Omit every picture. Return all other data as it stands.

▸ THE INPUT
>>>>>

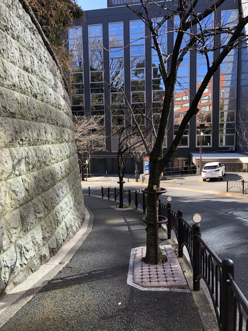 赤坂の山王坂の坂下から直進して、山王日枝神社の北から西にかけて回り込む坂が山王切通坂です。外堀通りの交差点、山王坂下から日比谷高校の崖下を迂回するようにして続いています。江戸時代の外堀通りは溜池の幅が広く渡船で神社に渡っていたので、この坂は明治以降に造られたようです。
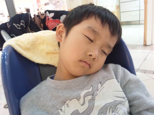 嫁と子どもは歩き疲れてベンチに座ってうとうと
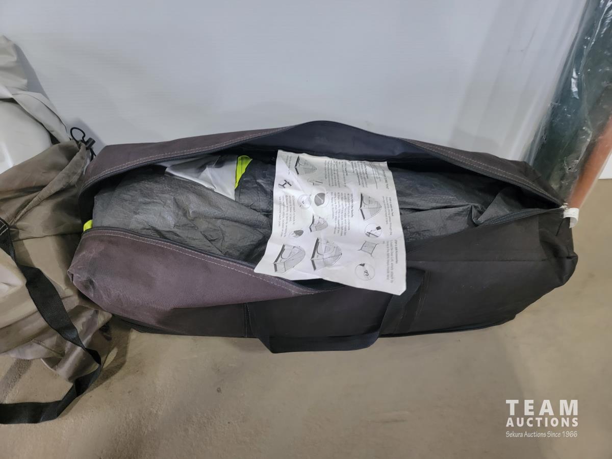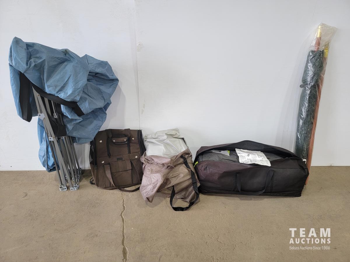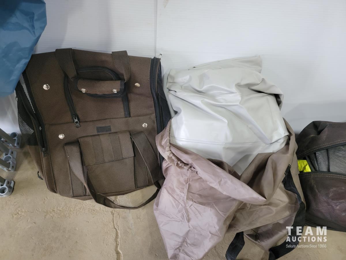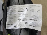 4 person tent, patio umbrella, air mattress with folding frame, small pet backpack carrier
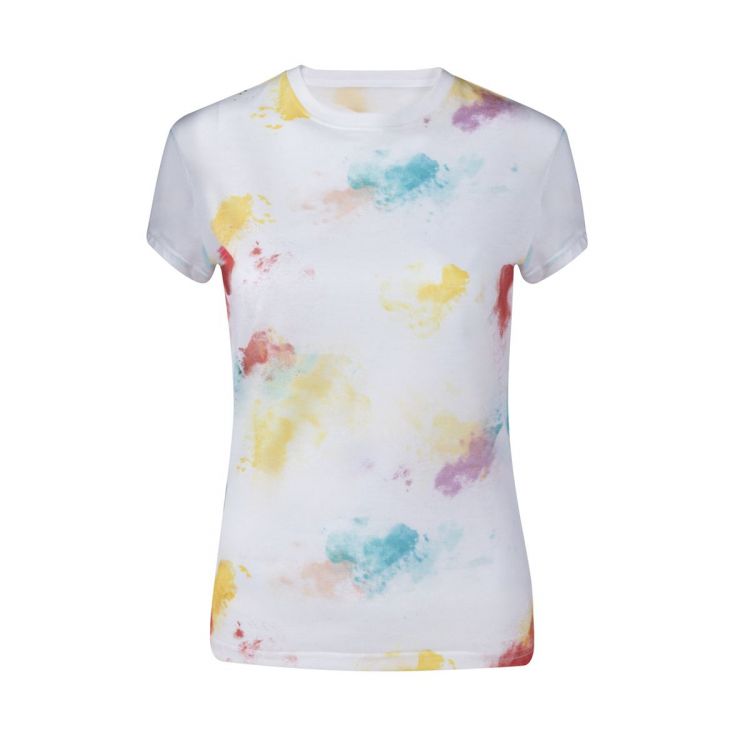 Camiseta para mujer en material 100% poliéster transpirable de 160g/m2 con textura de algodón. Con cuello redondo y atrevido diseño con estampados inspirado en una paleta de pinturas. Disponible en tallas S, M, L, XL.
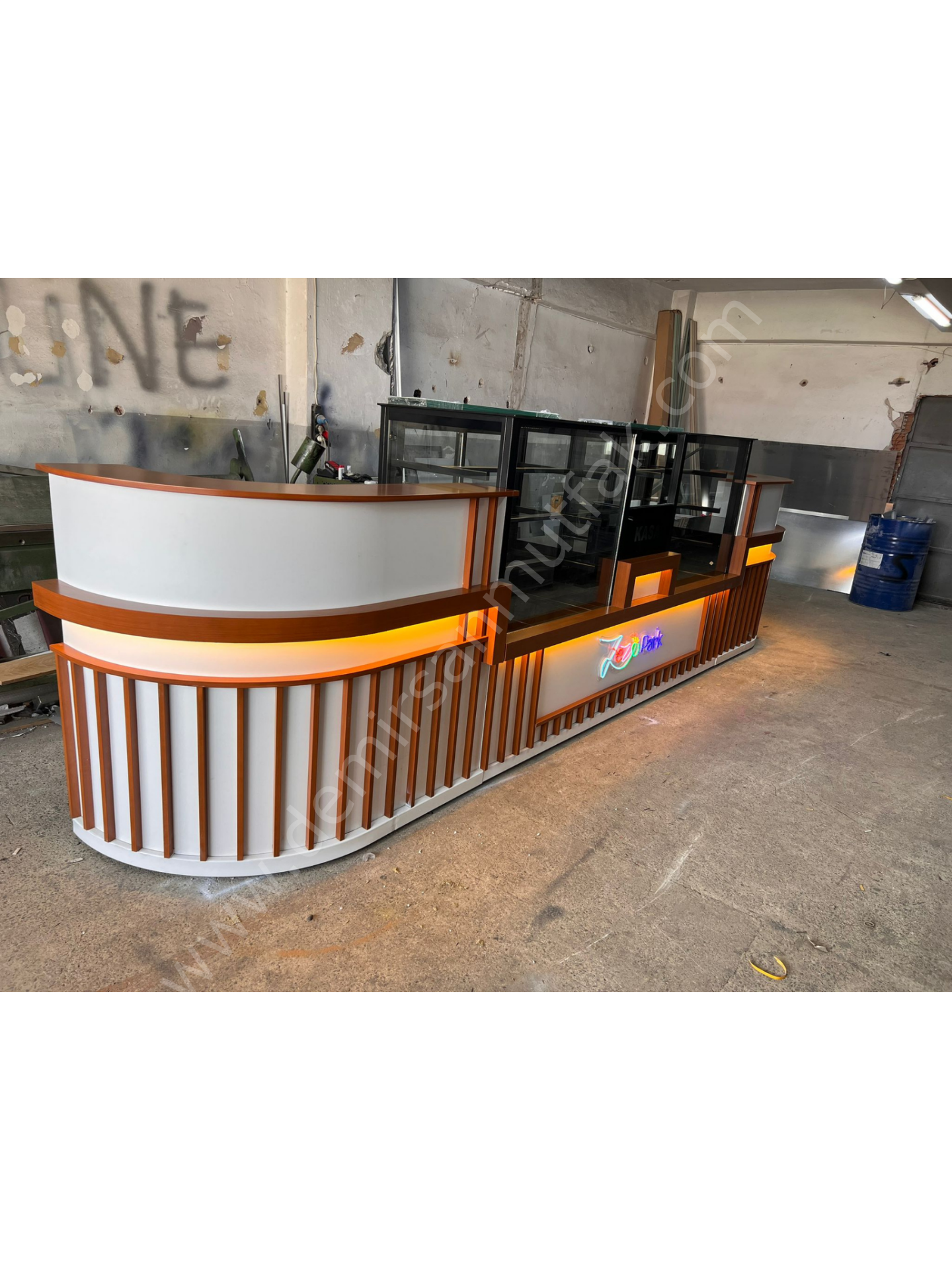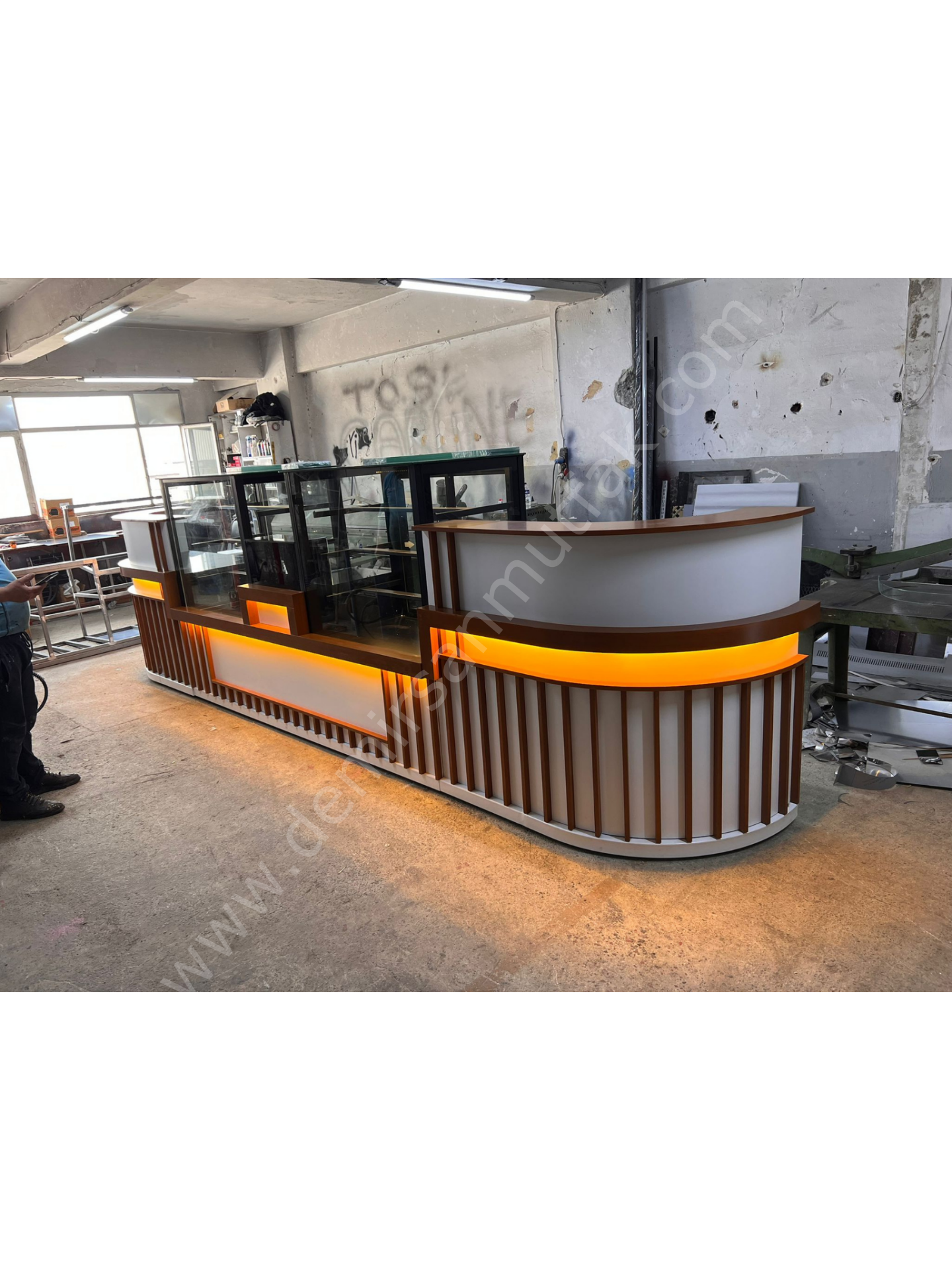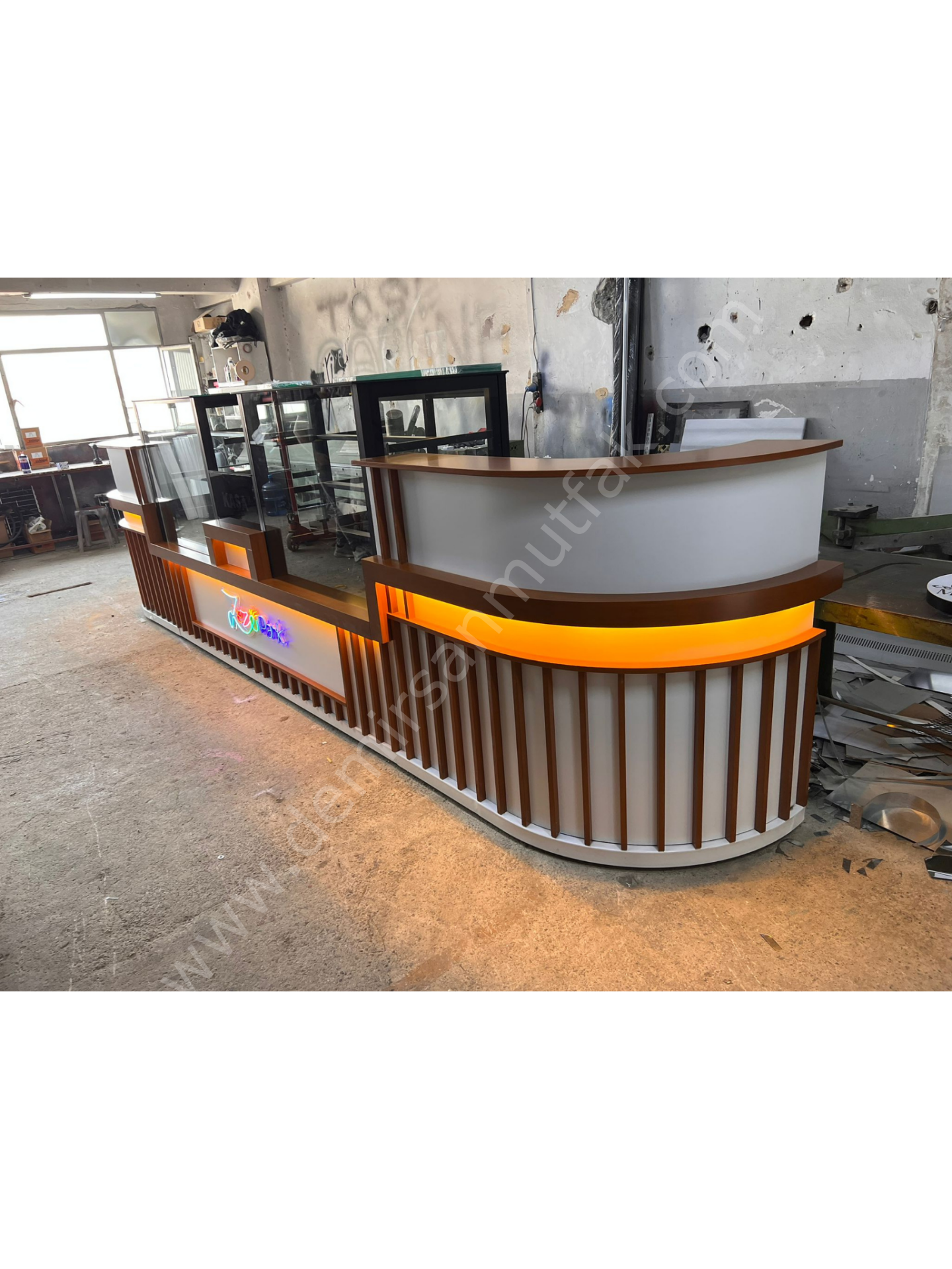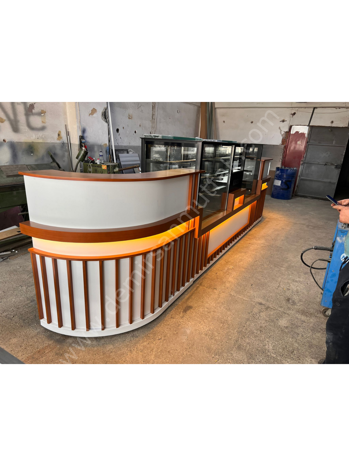 ✔ Karşılama bankosu ve teşhir dolabını bir arada sunan set tasarım
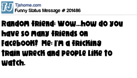 X Random friend: Wow...how do you have so many friends on Facebook? Me: I'm a fricking train wreck and people like to watch.
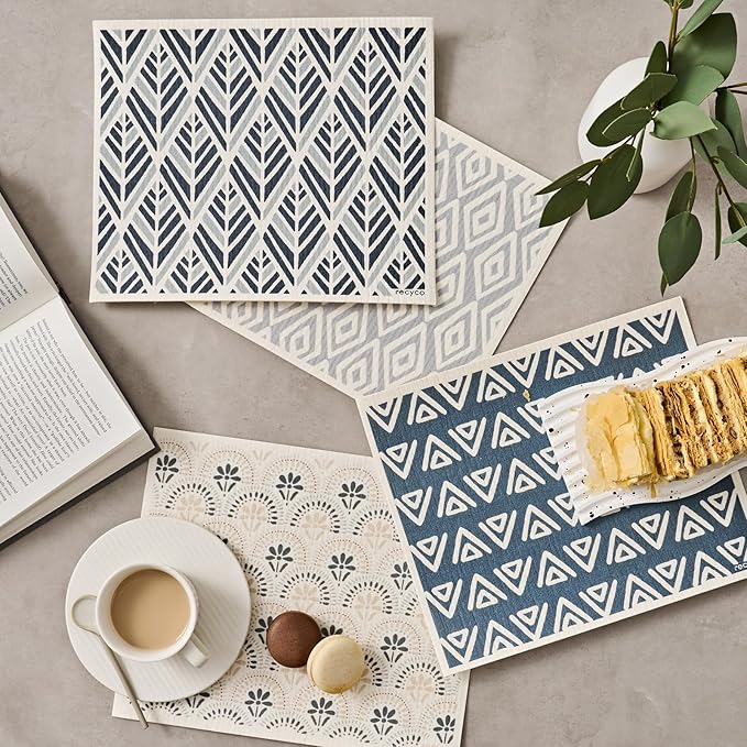 - Unique Patterns & Great Value: Our kitchen towels dish cloths come in 4 pieces value pack with a variety of well-thought patterns & colors for you to choose from. Elevate your cleaning game with great functionality, sustainability & aesthetics today.

<<<<<

▸ SOLVED EXERCISE
 赤坂の山王坂の坂下から直進して、山王日枝神社の北から西にかけて回り込む坂が山王切通坂です。外堀通りの交差点、山王坂下から日比谷高校の崖下を迂回するようにして続いています。江戸時代の外堀通りは溜池の幅が広く渡船で神社に渡っていたので、この坂は明治以降に造られたようです。
 嫁と子どもは歩き疲れてベンチに座ってうとうと
 4 person tent, patio umbrella, air mattress with folding frame, small pet backpack carrier
 Camiseta para mujer en material 100% poliéster transpirable de 160g/m2 con textura de algodón. Con cuello redondo y atrevido diseño con estampados inspirado en una paleta de pinturas. Disponible en tallas S, M, L, XL.
 ✔ Karşılama bankosu ve teşhir dolabını bir arada sunan set tasarım
 X Random friend: Wow...how do you have so many friends on Facebook? Me: I'm a fricking train wreck and people like to watch.
 - Unique Patterns & Great Value: Our kitchen towels dish cloths come in 4 pieces value pack with a variety of well-thought patterns & colors for you to choose from. Elevate your cleaning game with great functionality, sustainability & aesthetics today.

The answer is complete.